Task statement:
Your reply must contain the full listing below, reproduced exactly, but no pictures.

----- Supplied data -----

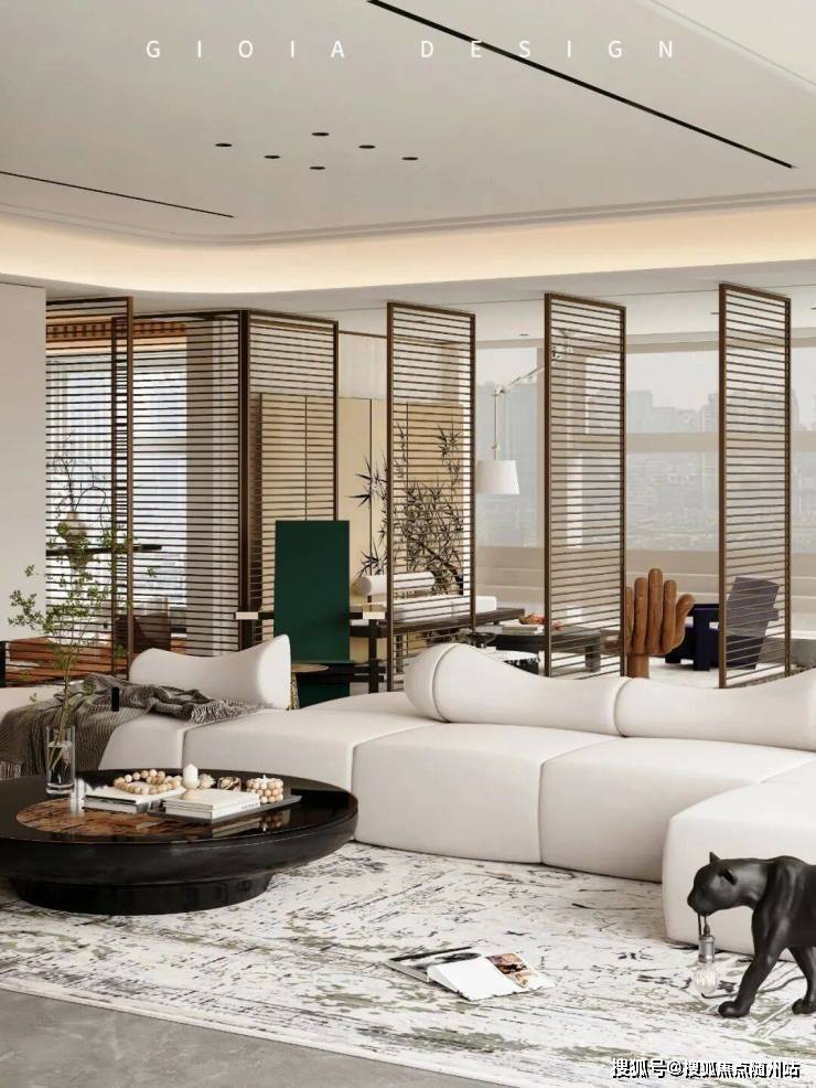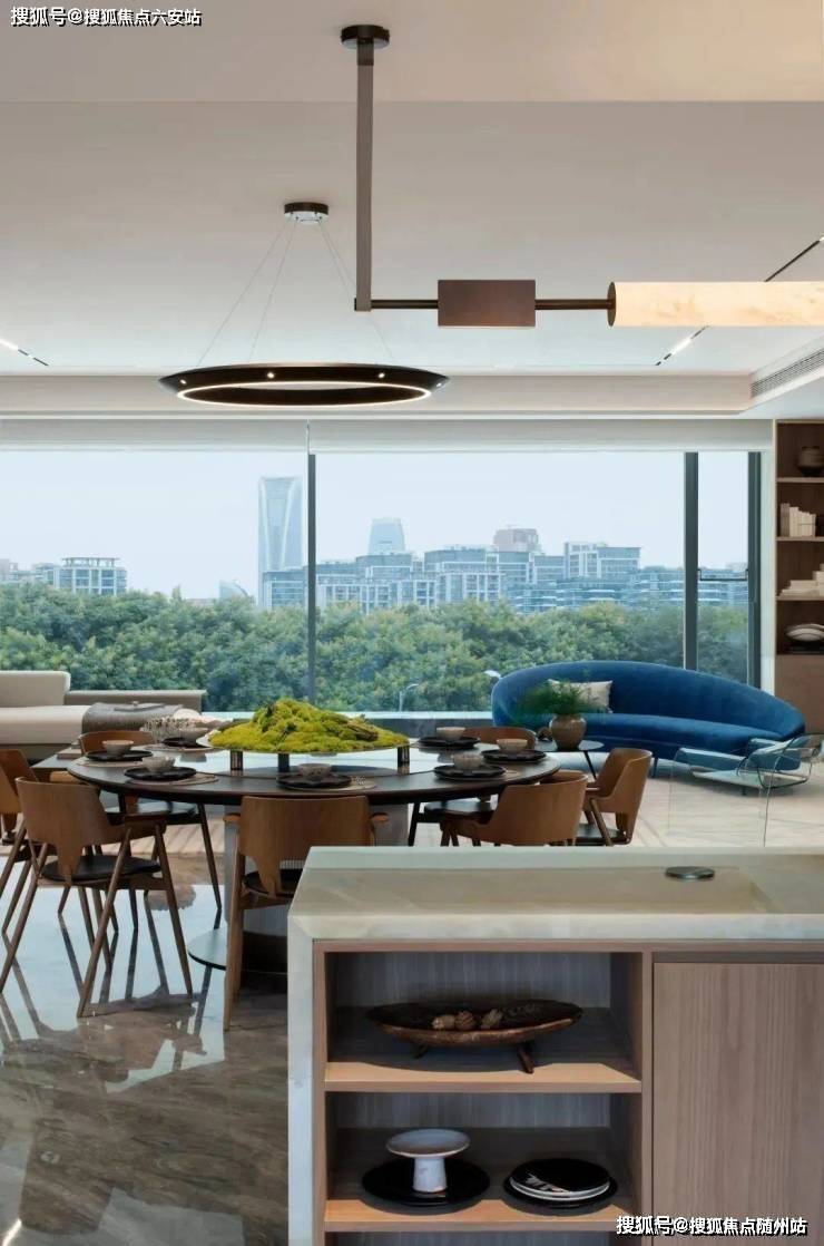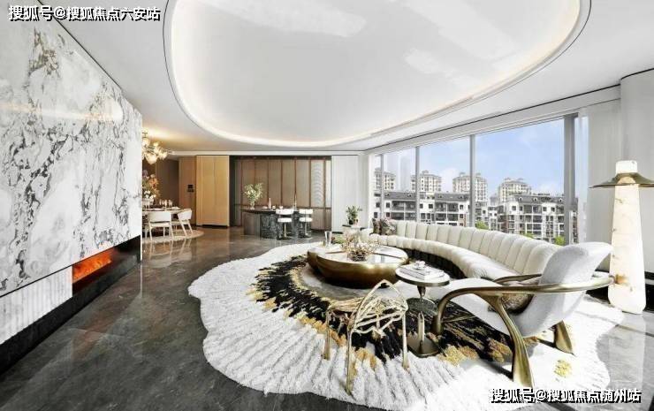 将艺术感进一步融入日常中。特别设计的专属门厅空间,是从电梯厅延伸到家,如同一处艺廊,放慢人的情绪;室内选用了浅金色奢石(外界也称其为“芬迪白大理石”)作为主要的石材,曲面的木饰面也为浅色,整体给人以明亮感。
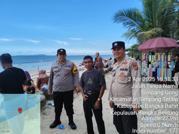 Adhyaksanews. -- -- Simpang gong. Menyambut libur lebaran, Polsek Simpang Teritip melakukan pengamanan dan patroli di Pantai Tungau, Desa Simpang Gong, Kecamatan Simpang Teritip, Kabupaten Bangka Barat. Kegiatan ini bertujuan untuk menciptakan situasi yang aman dan kondusif di lokasi wisata yang sering dikunjungi masyarakat selama liburan lebaran. 2 April 2025.
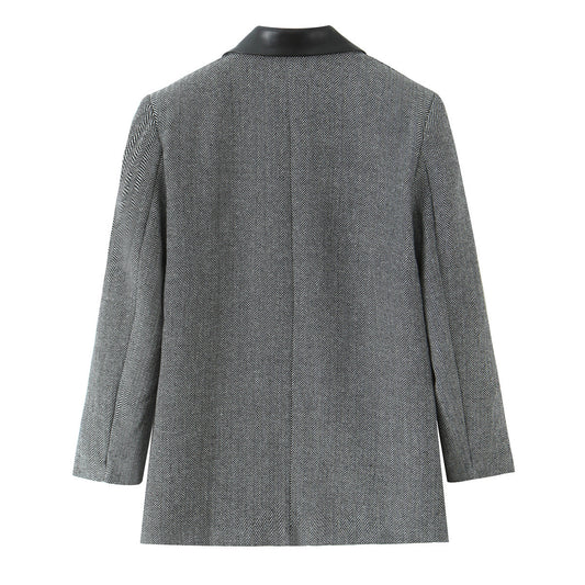 Double breasted patchwork double breasted long sleeved suit jacket for women

-----

Answer section:
 将艺术感进一步融入日常中。特别设计的专属门厅空间,是从电梯厅延伸到家,如同一处艺廊,放慢人的情绪;室内选用了浅金色奢石(外界也称其为“芬迪白大理石”)作为主要的石材,曲面的木饰面也为浅色,整体给人以明亮感。
 Adhyaksanews. -- -- Simpang gong. Menyambut libur lebaran, Polsek Simpang Teritip melakukan pengamanan dan patroli di Pantai Tungau, Desa Simpang Gong, Kecamatan Simpang Teritip, Kabupaten Bangka Barat. Kegiatan ini bertujuan untuk menciptakan situasi yang aman dan kondusif di lokasi wisata yang sering dikunjungi masyarakat selama liburan lebaran. 2 April 2025.
 Double breasted patchwork double breasted long sleeved suit jacket for women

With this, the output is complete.